WHAT IS GOOD ENOUGH?

It all started… I’ll be honest. It’s been so long since it started, I’m not sure when or where. A grandchild was on the way, I bought fleece for a bunting, and actually had it done when the big day arrived. A major miracle in my life! I also had enough fabric left over that my eye wandered to the blanket pattern included with the bunting. Once I’d decided to go for it, I figured out that the blanket was two-sided, not one, and headed back to the store. I found a coordinating fleece: more monkeys, same brown, one side green, the other blue. Cut them out, stitched around the edge, and basted the binding in place. So far, so good. The baby’s here, but he’s got plenty of blankets. No, they don’t need more but this will be adorable; keep going. I began stitching the binding in place, but soon realized it was bunching and uneven. I ripped out the stitches, adjusted the machine and tried again, more carefully this time. Same result. Did I try a third time before concluding that it was simply too thick for the pressure foot? Either way, as the baby grew, I determined I’d need to rip out the stitches – again! – and attach the binding by hand.

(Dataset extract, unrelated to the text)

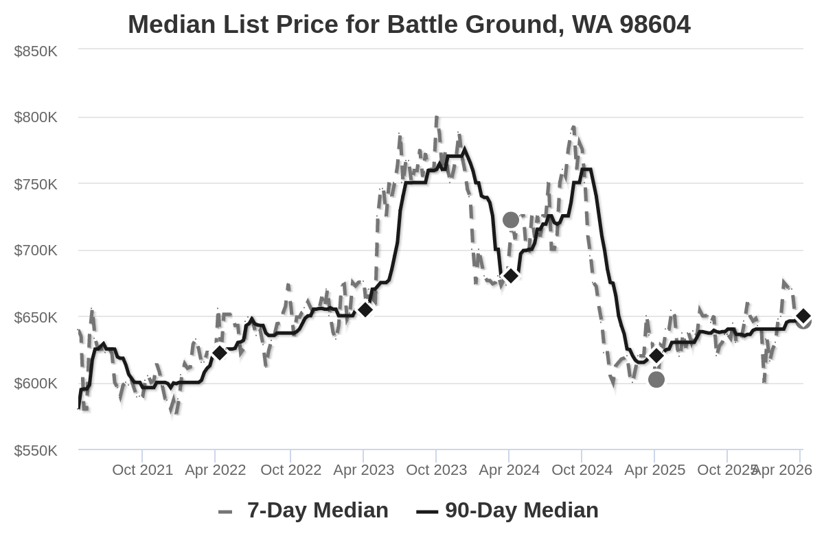 This week the median list price for Battle Ground, WA 98604 is $645,999 with the market action index hovering around 41.

As is typical in my life, time has a way of getting away from me. Days became months. Books were read, chores done, vacations taken, a few stitches pulled. The baby is a toddler just past his first birthday, and I’ve decided it’s now or never. This will not be one more project for the pile of things never to be completed! The sewing machine mistakes are gone and I’m working steadily to attach the binding. Maybe half way around, sections hemmed both blue side and green, I begin to calculate when I’ll be ready to actually send it his way… when I reluctantly admit the binding is twisted. Not everywhere but in more than a spot or two. Twisted, puckered, not lying flat. Call it what you will, it’s wrong. Done badly. Sloppy work by someone who knows better.

So now what? I can follow my inclination, set it aside in frustration and pretend I’ll get back to it someday; knowing it’s more likely to find its way into a box of projects past. I can keep going, see if I can get the rest of it to lie flat and pretend no one will notice. I suppose I could try to make it all pucker and pretend it was meant to be that way, but I don’t think I’m that good, and it may already be too late (I really do believe a little is behaving). And yes, sigh, groan, wince, I suppose I could rip it out, try again and work at it until I get it right. Like I was taught. Anything worth doing is worth doing right, right? Ugh.

What do I want to teach Garth? That Grandma Alice loves him so much that she is determined to get this homemade present to him, regardless the condition – or that he’s special enough that she’s willing to do her very best for him?  I have a hunch that that observant, ever watchful little brain of his has already figured out I won’t always be on time; but I want him to know that I’ll come through. But with what? Quality and care? Sloppy and marginal? Perfectionism and compulsiveness? It’s a continuum, and both of us will have to find the balancing point, something like doing our best and tending to detail, while knowing when its good enough and letting it go.

As for the blanket, I can do better; hopefully I can also get it done.

16 February 2013

2 comments

    • kim on January 1, 2014 at 7:32 pm

    Its perfectly stitched with love! He loves it and until reading this none of us has noticed its imperfections. And the lesson, if they’re noticed at all, I’d that we’re all human, not perfect, and sometimes our best is late and full of character!

  1. I’ll sew for you – and him – anytime! Thanks.